It is very tricky, depends on the details, and has likely changed after the AIA law changed the law wording. Most of the court cases relate to the pre-AIA law wording.
This is the kind of thing they put, with more details, on the patent bar exam. There are experimental use exceptions that can help you and commercial exploitation situations that can hurt you.
From the MPEP section on Public Use.
One Specific (pre-AIA) Case
Even If the Invention Is Hidden, Inventor Who Puts Machine or Article Embodying the Invention in Public View Is Barred from Obtaining a Patent as the Invention Is in Public Use
When the inventor or someone connected to the inventor puts the invention on display or sells it, there is a "public use" within the meaning of pre-AIA 35 U.S.C. 102(b) even though by its very nature an invention is completely hidden from view as part of a larger machine or article, if the invention is otherwise used in its natural and intended way and the larger machine or article is accessible to the public.
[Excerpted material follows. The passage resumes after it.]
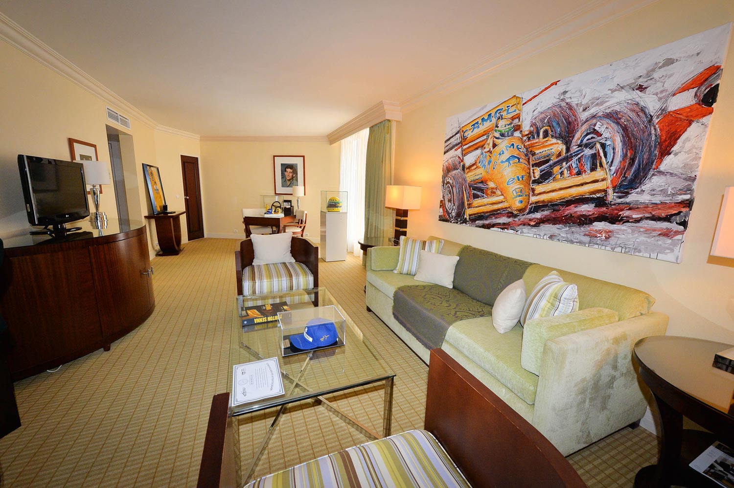 Por esse motivo, um dos hotéis-palácio mais importantes do principado, o cinco estrelas Fairmont, inaugurou uma suíte em homenagem ao nosso (e deles) herói nacional. Intitulado Ayrton Senna, o quarto do terceiro andar oferece uma vista privilegiada: a curva mais lenta do famoso circuito de 78 voltas, mas também a entrada do túnel.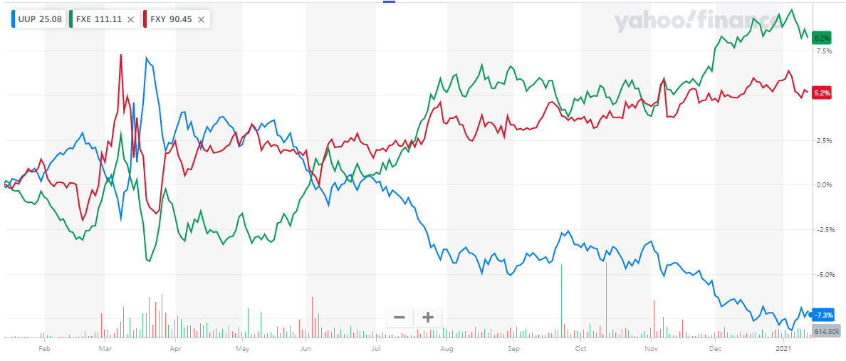 위 표는 앞서 소개한 통화 ETF 3종의 1년(2020년 1월 ~ 2021년 1월)간의 등락 그래프입니다.

In re Blaisdell, 242 F.2d 779, 783, 113 USPQ 289, 292 (CCPA 1957); Hall v. Macneale, 107 U.S. 90, 96-97 (1882); Ex parte Kuklo, 25 USPQ2d 1387, 1390 (Bd. Pat. App. & Inter. 1992) (Display of equipment including the structural features of the claimed invention to visitors of laboratory is public use even though public did not see inner workings of device. The person to whom the invention is publicly disclosed need not understand the significance and technical complexities of the invention.).